HM: The show portrays the clones as the good guys, but we know they become the evil Stormtroopers of the original trilogy. Will the show address how the clones will eventually bring themselves to betray the Jedi, as seen in Revenge of the Sith?
DBB:
It’s very much in the minds of fans as they watch this series. It’s not dealt with directly, but it’s in the minds of the creators. We’re still a good ways away from the horror and the tragedy seen in Episode III. But I don’t see how that’s not going to be addressed in some way. It’s a big issue in my mind as to how it’s going to play out, especially as the series gets more intense.

HM: Are you excited to see the first season coming to home video?
DBB:
I’m going to get it on Blu-ray because I gotta go with high-definition.
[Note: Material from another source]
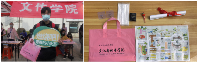 武职网讯(通讯员 余鹏 姚永琛)金秋十月,丹桂飘香,在这个收获的季节里,我校喜迎2020级七千余名大一新生。10月10日—11日,文化与传媒学院2020级新生报到工作在关山校区有序进行。学院迎新工作领导小组联合分团委学生会为全体大一新生精心准备了爱心礼包,分团委学生会结合学院专业特色为2020级新生开设迎新直播间,为新生宣传防疫知识,介绍报到流程,在线答疑解惑,陪伴新生顺利报到。
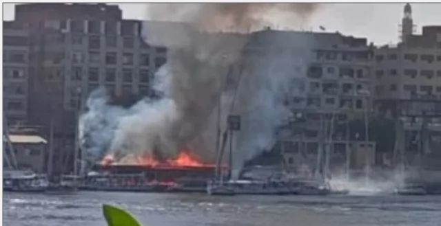 حريق هائل بمطعم عائم على كورنيش أسوان

I’ve seen these things on an HD screen with the proper aspect ratio, and it looks stunning. I also want to see all the extras — the extended cuts of the episodes and a featurette about the making of the show. There are a lot of things that I as a fan really want to see.

HM: Were you a “Star Wars” fan before doing the show?
DBB:
Before Episode IV came out [in 1977], I had read the book and purchased the Time Magazine with Star Wars on the cover. My mom made a fantastic Jawa costume for me. The theater in Greeley, Colo., where I grew up, paid me in movie passes to dress in my Jawa costume and scare the moviegoers. So I spent that summer using the free passes to watch Star Wars over and over again. Other than this that was probably the best job I had.

HM: Being a longtime fan, what’s it like to be part of the “Star Wars” mythology?
DBB:
This is a dream come true. It’s not just fun to do the show, which is really well-written and well-cast. But what’s great is that it’s “Star Wars” and something I’ve always loved, and that it can get more fantastic with each season. There are not a lot of moments in an actor’s (hopefully) long life that are personally as gratifying as this in so many ways. “Clone Wars” really has something for just about everyone. There’s stuff for the kids. Stuff for the fans. There’s action. Adventure. Humor. We’ll see more of that in season two.